A final word of caution. It’s very easy to get bit by the gold bug. Gold’s a metal that has attracted mankind for over 5,000 years, after all. It’s tempting to start collecting a lot more after you get your first shiny new coin or bar. But try to keep it in moderation.
I’ll leave you with a few interesting and fun facts about gold.
According to USGS, about 244,000 metric tons of gold has thus far been discovered. If all of that gold were to be gathered together into the shape of a cube, it would measure 28 meters (98 ft.) on every side.
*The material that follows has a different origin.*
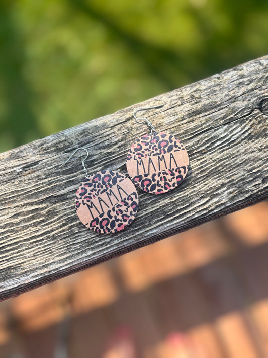 Mama earrings Round womens leopard print faux leather round Mom Animal print Jewelry gift womens

That’s a fascinating factoid, to be sure. But it got me thinking. How would one measure all of the gold in the form of Mr. T’s? Mr. T., as in the ‘80s pop icon famous for wearing myriad gold chains. Mr. T as in “I pity the fool.”
Mr. T is reputed to have worn approximately 100 ounces of gold, which incidentally would be valued at nearly $200,000 at the current spot price. That means you would need about 86,068,467 clones of Mr. T, all fully decked out in their gold chains, bracelets, and rings, to carry all of the world’s currently known gold reserves (including already mined gold and some discovered, but remaining in the earth). That’s almost the whole population of Germany. That’s a lot of Mr. T’s, and a lot of gold chains.
But you don’t have to be like B.A. Baracus, wearing enough metal around your neck to buy a Ferrari. You can start with a starter kit. A few “stacker bars” of silver. A gold coin or two. Maybe even diversifying further into alternative metals like platinum and palladium, if that’s your thing. Gradually scaling upward as your net worth climbs over time. Whatever you choose to buy, you’ll find precious metals collecting rewarding and fun.